Все это время сэр Джемс беспокоится лишь о том, как бы сэр Чарлз
«в ревностном стремлении совершить великий подвиг и удовлетворить дикие страсти нетерпеливой толпы не поддался бы необдуманному побуждению и не забыл бы об исполнении одной из самых благородных обязанностей — иметь моральное мужество делать то, что считаешь правильным, не страшась получить упрек в неправильности действий».
Еще 1 мая 1854 г. он пишет сэру Чарлзу:
«Я полагаю, что как Свеаборг, так и Кронштадт почти неприступны с моря, в особенности Свеаборг, и только большая армия смогла бы действовать с успехом
Когда сэр Чарлз 12 июня написал ему о том,
«что после зрелых размышлений он пришел к выводу, который разделяет и адмирал Чадс, что единственным эффективным способом захвата Свеаборга является снаряжение большого количества канонерок», —
сэр Джемс ответил ему 11 июля:
«С 50000 человек и 200 канонерок Вы могли бы уже к концу сентября добиться значительных и решительных успехов».
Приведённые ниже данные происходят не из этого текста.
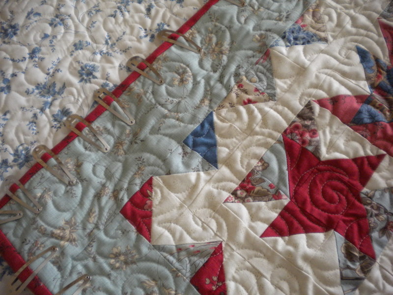 Oh…and I’ll have some more binding to do soon…Judi has just finished quilting my first Bliss quilt (pattern “Paper Roses” by Fig Tree & Company)! To see her beautiful work on this quilt go here!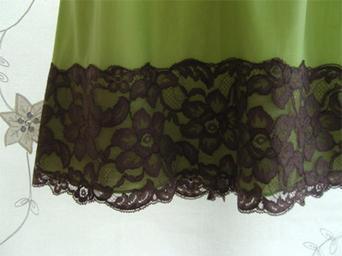Keywords: Alas no longer in production, Glydons of Hollywood was arguably the first lingerie manufacturer in America to make slips that were sexy, rather than just functional. Now, any item made by Glydons commands attention from serious collectors worldwide. Recently sold to an overseas buyer, here we focus on an exquisite lime and chocolate 1950′s vintage half slip by Glydons. It has a double layer of the finest nylon and a 5-inch deep lace hem. The attention to detail and quality of manufacture is clear to see in the photographs, however the true joy is in the wearing. So elegant! |

Но как только наступила зима, французская армия и флот отплыли обратно, а сильные бури в дни равноденствия начали вздымать волны Балтийского моря, от сэра Чарлза стали поступать донесения:
«Якорные канаты наших кораблей начали уже рваться, «Дракон» остался только с одним якорем, «Повелительница» и «Василиск» потеряли в последнюю ночь по одному якорю; «Волшебница» была вынуждена бросить якорь в тумане и должна была, подняв ночью якорь у Наргена, снова бросить его недалеко от Ренскарского маяка, так как ветром ее относило к подводным камням; «Эвриал» наскочил на подводные скалы, и это счастье, что он не погиб».
Тогда сэр Джемс вдруг открыл, «что войну нельзя вести без риска и опасности» и Свеаборг поэтому должен быть взят без единого солдата, без единой канонерки и мортирной лодки! Действительно, мы можем лишь повторить слова старого адмирала: «будь русский император первым лордом адмиралтейства, он писал бы точно такие же письма».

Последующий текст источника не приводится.